> Given that for a number of these benchmarks, it seems to be barely competitive with the previous gen

We're not reading the same numbers I think. Compared to Opus 4.6, it's a big jump nearly in every single bench GP posted. They're "only" catching up to Google's Gemini on GPQA and MMMLU but they're still beating their own Opus 4.6 results on these two.

This sounds like a much better model than Opus 4.6.

▲

ninjagoo 2 hours ago | parent [-]

> We're not reading the same numbers I think.

We must not be.

That's why I listed out the ones where it is barely competitive from @babelfish's table, which itself is extracted from Pg 186 & 187 of the System Card, which has the comparison with Opus 4.6, GPT 5.4 and Gemini 3.1 Pro.

Sure, it may be better than Opus 4.6 on some of those, but barely achieves a small increase over GPT-5.4 on the ones I called out.

▲

nimchimpsky an hour ago | parent [-]

barely competitive ? Mythos column is the first column.

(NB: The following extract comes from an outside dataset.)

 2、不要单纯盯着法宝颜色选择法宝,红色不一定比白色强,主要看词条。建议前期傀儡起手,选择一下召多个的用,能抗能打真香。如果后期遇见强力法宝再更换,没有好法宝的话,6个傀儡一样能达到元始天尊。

You are the only person with this take on hackernews, everyone else "this is a massive a jump". Fwiwi, the data you list shows the biggest jump I remember for mythos

▲

devmor 23 minutes ago | parent [-]

The biggest jump in the numbers they quoted is 6%.

Please look at the columns OTHER than Opus as well.

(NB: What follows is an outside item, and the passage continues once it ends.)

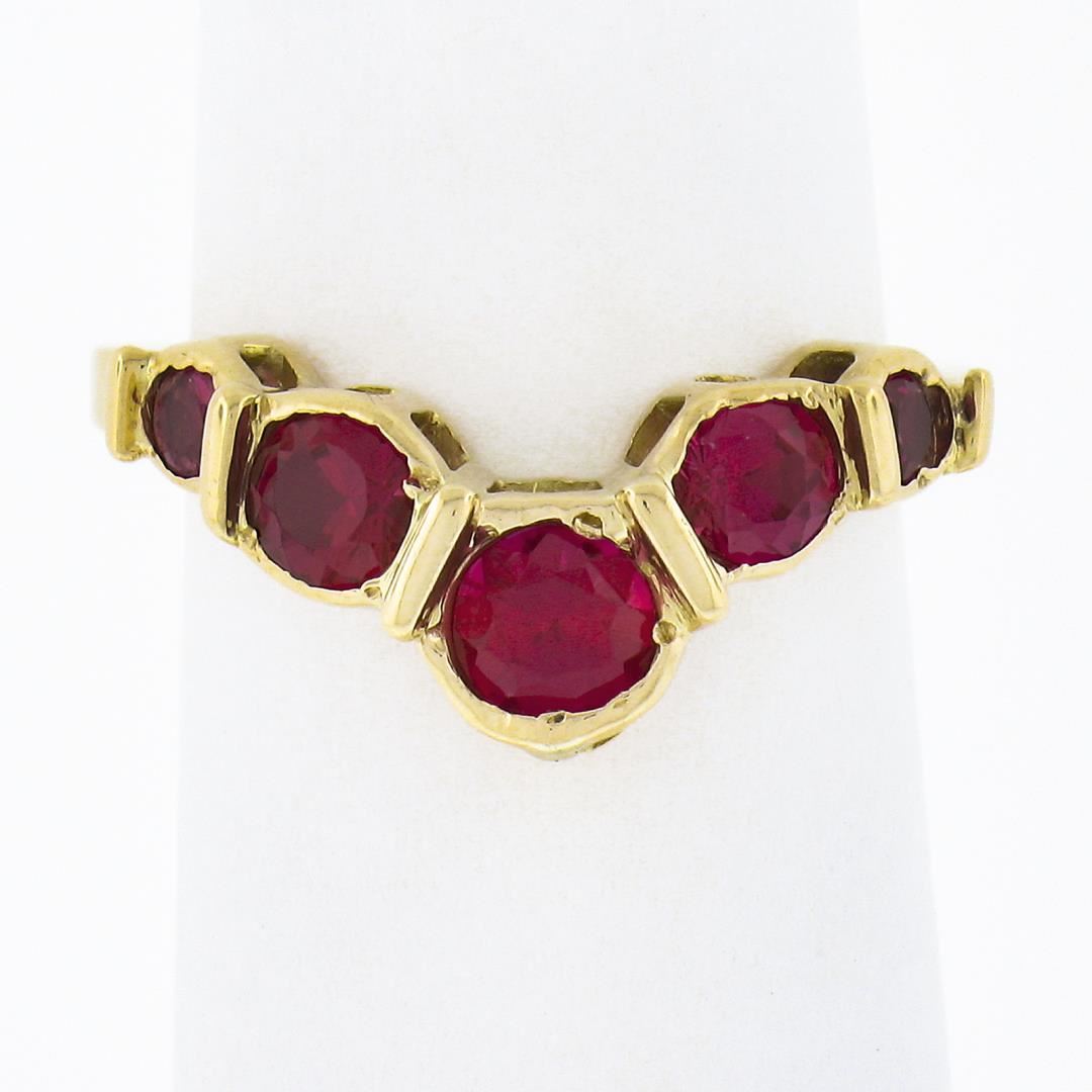 A solid 14k yellow gold chevron band ring, featuring 5 round synthetic rubies/sapphires. The ring is size 4.5, weighs a total of 2.93 grams, and measures 5.75mm wide.

	▲	josephg 9 minutes ago \| parent [-]
		> Combined results (Claude Mythos / Claude Opus 4.6 / GPT-5.4 / Gemini 3.1 Pro) > Terminal-Bench 2.0: 82.0% / 65.4% / 75.1% / 68.5% > USAMO: 97.6% / 42.3% / 95.2% / 74.4% > The biggest jump in the numbers they quoted is 6%. Just in the numbers you quoted, thats a 16.6% jump in terminal-bench and a 55.3% absolute increase in USAMO over their previous Opus 4.6 model.